WORK ITEM: Reproduce only the lines below from the line containing "다음 양천구가 18건이" to the line containing "为主题的英文征文比赛。活动自启动以来,得到了全院学生的积极响应与热情参与,最终共征集到 20 余篇高质量参赛作品。", exactly as written, with both end lines kept. Omit the pictures.
====== RECORDS FOR THE EXERCISE ======
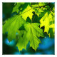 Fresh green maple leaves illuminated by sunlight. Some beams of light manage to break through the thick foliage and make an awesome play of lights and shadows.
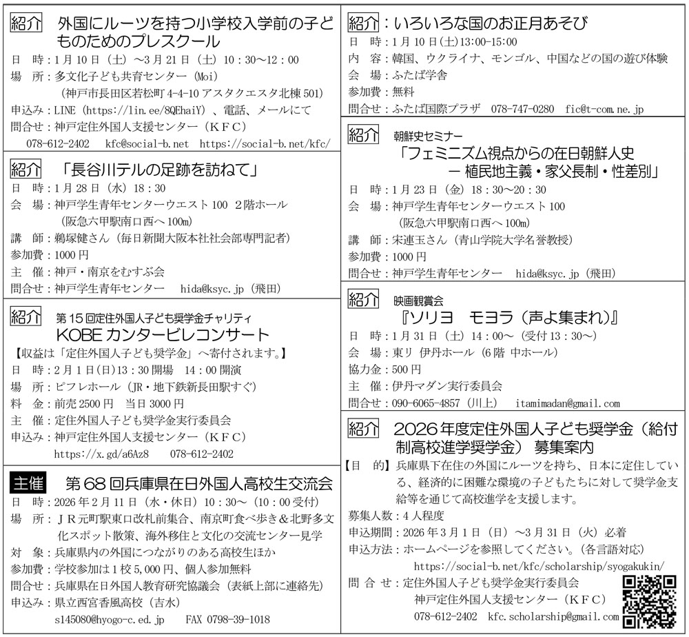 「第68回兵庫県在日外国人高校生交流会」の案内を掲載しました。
======
====== RECORDS FOR THE EXERCISE ======
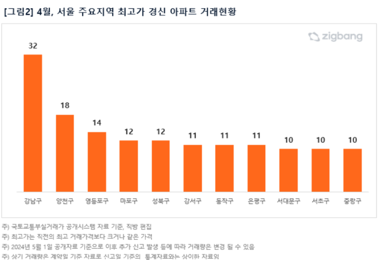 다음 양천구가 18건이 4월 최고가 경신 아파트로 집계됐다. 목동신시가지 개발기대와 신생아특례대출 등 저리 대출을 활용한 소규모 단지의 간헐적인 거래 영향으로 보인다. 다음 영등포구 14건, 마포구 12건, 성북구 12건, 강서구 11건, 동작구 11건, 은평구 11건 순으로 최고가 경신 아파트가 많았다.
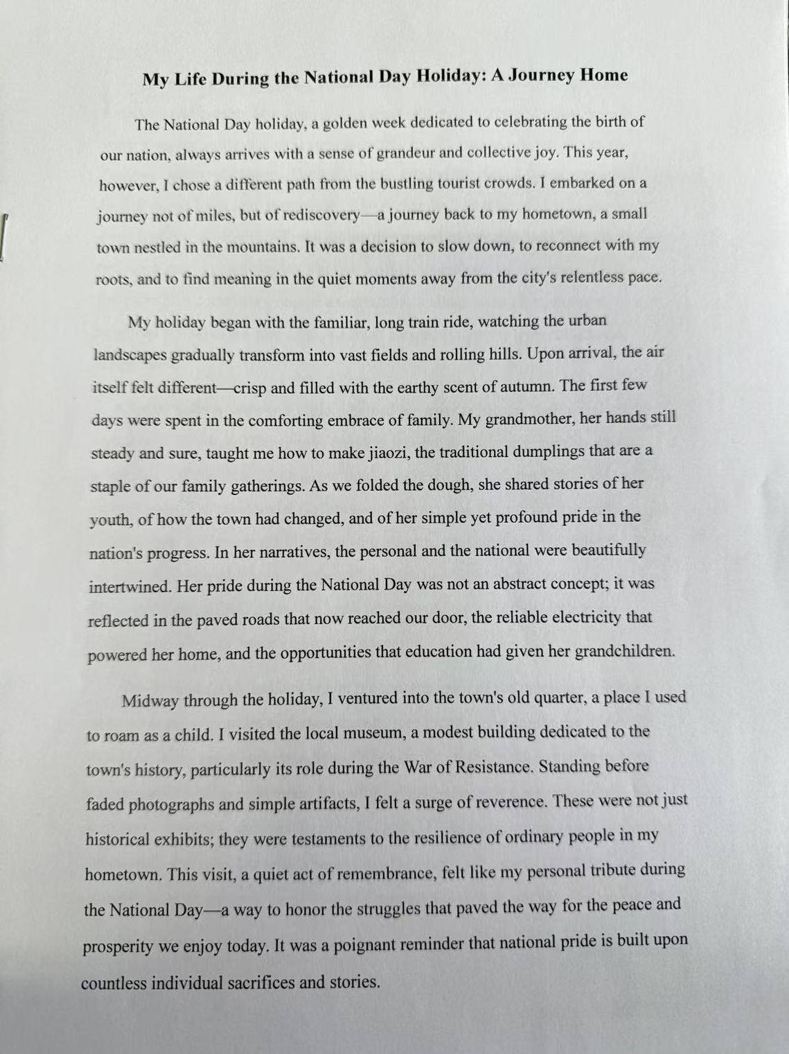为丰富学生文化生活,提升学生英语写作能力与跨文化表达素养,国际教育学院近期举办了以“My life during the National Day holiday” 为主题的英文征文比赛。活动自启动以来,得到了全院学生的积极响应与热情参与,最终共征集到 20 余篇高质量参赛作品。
======
EXERCISE ANSWER:
 다음 양천구가 18건이 4월 최고가 경신 아파트로 집계됐다. 목동신시가지 개발기대와 신생아특례대출 등 저리 대출을 활용한 소규모 단지의 간헐적인 거래 영향으로 보인다. 다음 영등포구 14건, 마포구 12건, 성북구 12건, 강서구 11건, 동작구 11건, 은평구 11건 순으로 최고가 경신 아파트가 많았다.
为丰富学生文化生活,提升学生英语写作能力与跨文化表达素养,国际教育学院近期举办了以“My life during the National Day holiday” 为主题的英文征文比赛。活动自启动以来,得到了全院学生的积极响应与热情参与,最终共征集到 20 余篇高质量参赛作品。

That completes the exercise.